In September 2020, more than 6,000 plaintiffs filed lawsuits challenging the List 3 and List 4A tariffs as unlawful under Section 301 of the Trade Act of 1974 arguing that USTR exceeded its authority when it imposed tariffs without attempting to connect them to any underlying investigation of China’s trade practices.

The court passed a judgement on 17 March regarding this matter, stating that List 3 and List 4A sanctions will remain in place. However, it has asked the US Trade Representative to comply with the APA requirement for “reasoned response to comments submitted during the rulemaking proceedings.”

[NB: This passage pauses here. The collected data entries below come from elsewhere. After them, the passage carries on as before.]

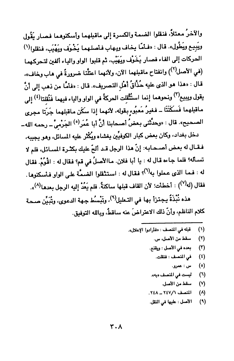 والآخر معتلا، فنقلوا الضمة والكسرة إلى ما قبلهما وأسكنوهما فصار يقول ويبيع ويطول". قال: "فأما يخاف ويهاب فأصلهما يخوف ويهيب، فنقلوا الحركات إلى الفاء فصار يخوف ويهيب، ثم قلبوا الواو والياء ألفين لتحركهما (في الأصل) وانفتاح ما قبلهما الآن، ولأنهما اعتلتا ضرورة في هاب وخاف"، قال: "هذا هو الذي عليه حذاق أهل التصريف". قال: "فأما من ذهب إلى أن يقول ويبيع ونحوهما إنما استثقلت الحركة في الواو والياء فيهما فنقلتا إلى ما قبلهما فسكنتا- فغير معبوء بقوله، لأنهما إذا سكن ما قبلهما جرتا مجرى الصحيح". قال: "وحدثني بعض أصحابنا أن أبا عمر الجرمي- رحمه الله- دخل بغداد، وكان بعض كبار الكوفيين يغشاه ويكثر عليه المسائل، وهو يجيبه، فقال له بعض أصحابه: إن هذا الرجل قد ألح عليك بكثرة المسائل، فلم لا تسأله؟ فلما جاءه قال له: يا أبا فلان، ما الأصل في قم؟ فقال له: أقوم. فقال له: فما الذي عملوا به؟ فقال له: استثقلوا الضمة على الواو فأسكنوها. فقال (له): أخطأت؛ لأن القاف قبلها ساكنة. فلم يعد إليه الرجل بعدها".
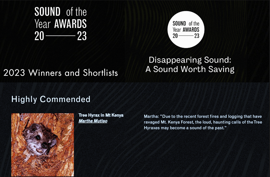 Happy to celebrate this year’s Endangered Species Day by sharing the exciting and timely win of my Sound of the Year Awards Highly Commended submission in the Disappearing Sound-Sound worth saving Category (Tree Hyrax Call in Mt. Kenya).
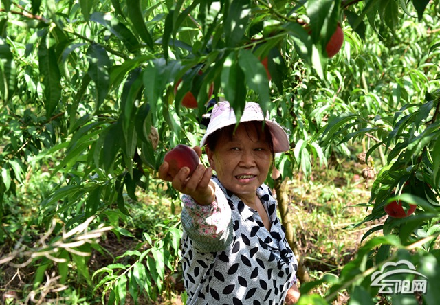 云阳网讯(记者 段斯斯)盛夏来临,正是桃子成熟的季节,新津乡贫困村太胜村200余亩桃园迎来了丰收,一个个鲜红欲滴的桃子挂满枝头,让人垂涎欲滴。
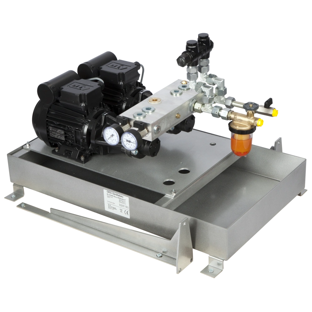 OEG-Zubringeraggregat für Heizöl EL auf pulverbeschichteter Ölauffangwanne, Heizölfilter, Alu-Steuerblock samt integrierter Rückschlagventile,
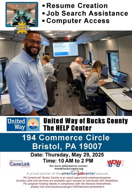 PA CareerLink invites the public to the event that will be located at property United Way of Bucks County’s HELP Center on 194 Commerce Circle in Bristol.
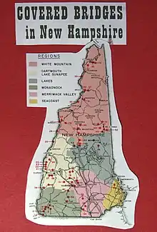 This is a list of New Hampshire covered bridges, old, new, and restored. There are 54 historic wooden covered bridges currently standing and assigned official numbers by the U.S. state of New Hampshire.[1] There are additional covered bridges extant in the state, some of which are on private property and not accessible to the public. The newest covered bridge known to have been constructed in the state is the Chester Covered Bridge, built in 2011.[2]
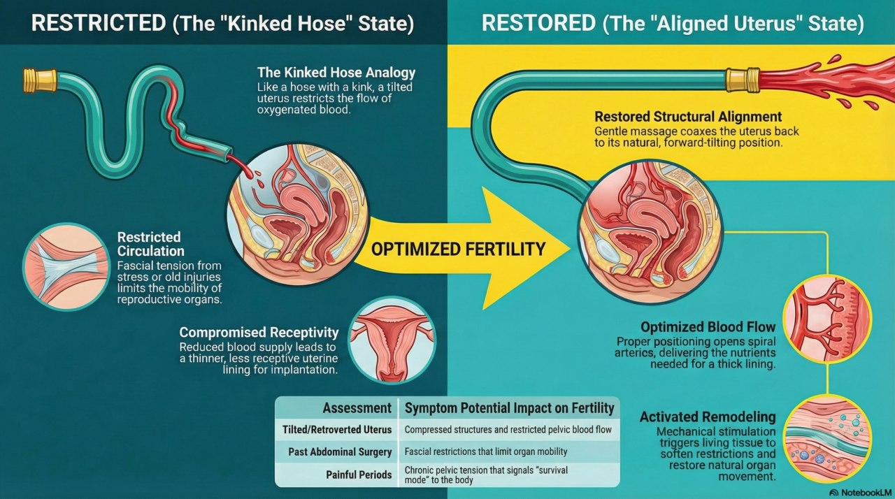 Abdominal massage for fertility works by improving blood flow to the uterus and ovaries, releasing fascial restrictions that limit organ mobility, gently repositioning the uterus when structural alignment is needed, supporting lymphatic drainage, and calming the nervous system so your body can shift out of survival mode and into the conditions where conception becomes possible. It is both mechanical and physiological, grounded in anatomy, and it works best when performed by a certified practitioner who understands the full picture of your reproductive health. Prefer to listen instead? You already know what you’re hoping for. You don’t need anyone to describe it. The positive test. The way you’d tell your husband. The way your older kids would react. You carry that picture with you, and it is the reason you keep asking questions, keep researching, keep trying. So let’s start there. With where you’re going, not where you’ve been. Most women who come to see me have spent months, sometimes longer, asking some version of the same question: “What is wrong with me?” They’ve tracked their cycles. They’ve taken the supplements. They’ve read the books and followed the advice and done everything the right way. And they are exhausted from trying so hard and still not having answers that feel real. Here is what I want you to consider. What if the better question isn’t “what’s wrong with me?” but “what does my body need that it isn’t getting right now?” That one shift changes everything. For many women, the answer turns out to be surprisingly physical. Not emotional. Not mysterious. Structural. Circulatory. Mechanical. And that is where abdominal massage enters the conversation, not as a last resort or a long shot, but as a legitimate physiological tool with deep roots in traditional medicine and a clear anatomical explanation for why it works. Why Your Uterus Position Matters More Than Anyone Told You Most women have never been told that their uterus has a position, that it can shift from that position, and that when it does, the entire environment for conception changes with it. Think about a garden hose lying in your backyard on a summer afternoon. The water is there. The pressure is there. But if someone steps on that hose, or it bends around a corner too sharply, the water slows to a trickle. It can’t reach the garden no matter how much pressure is behind it. Your uterus, ovaries, and fallopian tubes need a steady, rich flow of oxygenated blood to do their jobs. When your uterus is tilted forward, backward, or to one side, which is far more common than most women know, or when the connective tissue surrounding it has tightened from past surgeries, old injuries, previous pregnancies, or even years of sitting in the same position, that flow gets restricted. Not cut off completely. Just kinked. And a kinked hose doesn’t grow much of anything. Research published through the National Institutes of Health has consistently shown that adequate uterine blood flow is one of the foundational requirements for successful implantation and early pregnancy. This isn’t alternative medicine. This is anatomy. Abdominal massage, performed by someone with real training in soft tissue work and reproductive anatomy, gently coaxes those structures back toward optimal position. It releases the restrictions. It restores circulation. It helps your body do what it already knows how to do. Your body was designed for this. Sometimes it just needs someone who understands the design. What Abdominal Massage for Fertility Actually Does Inside Your Body Here is the physiology, explained the way I explain it to my students at Lansing Community College and to the women who sit across from me in my Grand Ledge office. No jargon. Just the real mechanics. 1. Restores Uterine Blood Flow When your uterus is properly positioned and the surrounding fascia is relaxed, oxygenated blood flows freely to your uterine lining, your ovaries, and your fallopian tubes. A well-nourished uterine lining is thicker, more receptive, and better prepared to support implantation. When blood flow is compromised, conditions are compromised. Gentle abdominal massage physically opens those pathways by reducing tension in the surrounding soft tissue and encouraging fresh circulation into an area that may have been partially starved of it. Professor’s Note: In my physiology courses, I teach students that endometrial receptivity, meaning how well the uterine lining accepts a fertilized egg, depends directly on the density and quality of spiral arteries within that lining. Those arteries only develop well when blood supply to the uterus is consistent and adequate. This is not a theory. It is observable histology. 2. Releases Fascial Restrictions Fascia is the connective tissue that surrounds and supports every organ in your body, holding each one in its proper place while allowing the gentle movement your organs need to function. It is also the tissue that tightens in response to stress, surgery, infection, and old injury. Women who have had a C-section, an endometriosis diagnosis, or even significant emotional stress often carry fascial tension in their pelvic bowl that quietly limits organ mobility without causing obvious pain. Skilled abdominal massage works directly with this tissue, softening restrictions and restoring the natural movement your reproductive organs need to function at their best. You can read more about how structural care supports women’s health on our Natural Fertility Enhancement Services page. Professor’s Note: Fascia is not passive packaging. It is a living tissue densely populated with fibroblasts, the cells responsible for producing and remodeling connective tissue throughout your life. Research on fascial biology shows that mechanical stimulation, meaning skilled hands-on pressure, directly activates fibroblast remodeling. That is the cellular reason why massage produces lasting structural
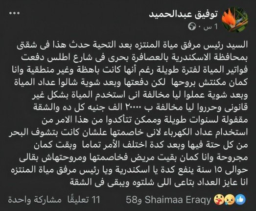 وأضاف توفيق عبد الحميد: "يمكنكم التحقق من هذا الأمر من خلال عداد الكهرباء، لأنني خصمت الشقة عن الاستخدام الشخصي لأنها كانت تطل على البحر من كل جانب، وبعد ذلك تغير الوضع تمامًا وأصبحت متضررة، وأنا أيضًا مرضت، لذا لم أعد أزورها منذ نحو 15 سنة. هل هذا مقبول يا محافظة الإسكندرية ويا رئيس مرفق مياه المنتزه؟ أريد عودة العداد الذي أزيل وألا يكون هناك أي ضرر في الشقة".
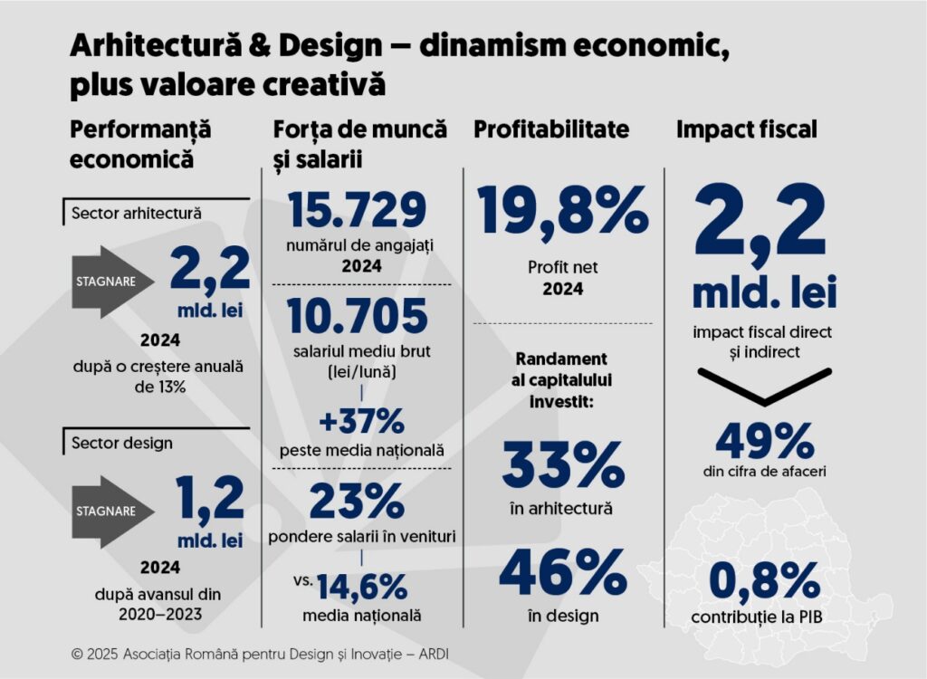 În paralel, sectorul arhitectură și design continuă să înregistreze performanțe financiare solide, cu o profitabilitate de 19,8% și salarii medii cu 37% peste media națională. Cu un impact fiscal total de 2,2 miliarde lei, acesta contribuie la modernizarea investițiilor publice și private și la competitivitatea economiei românești.
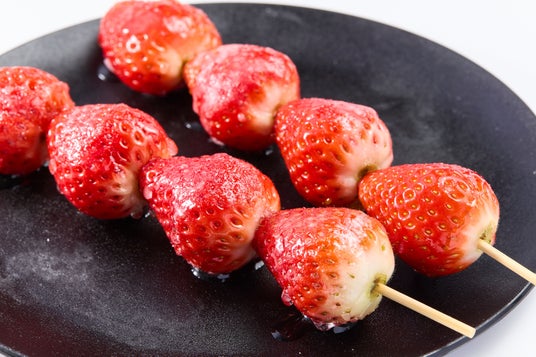 パリッと弾ける飴の食感と、ジューシーないちごの甘酸っぱさが広がる、見た目も楽しい定番スイーツです。

The plaintiffs argued that:

  • USTR exceeded its statutory authority and violated the Administrative Procedure Act (APA) when it shared List 3 and List 4A
  • The substantive adequacy of USTR’s response to certain comments
  • The extent that USTR’s Remand Results constitute impermissible post hoc reasoning

Based on the several rounds of discussions and general air regarding the matter, the US apparel industry has had mixed views on the China 301 Tariffs for US imports and its handling to date.

In October 2022, when USTR announced the next steps of its four-year review on the Section 301 tariffs against China, following requests for continuation from the US’ domestic industries, the US apparel industry was oscillating between opposing views on the public comment part of the process.

Following this, the US apparel, footwear and retail sectors were at loggerheads with the textile industry over the impact of Section 301 tariffs which experts suggested were unlikely to be lifted by the Biden Administration as China and the US continued their power struggle.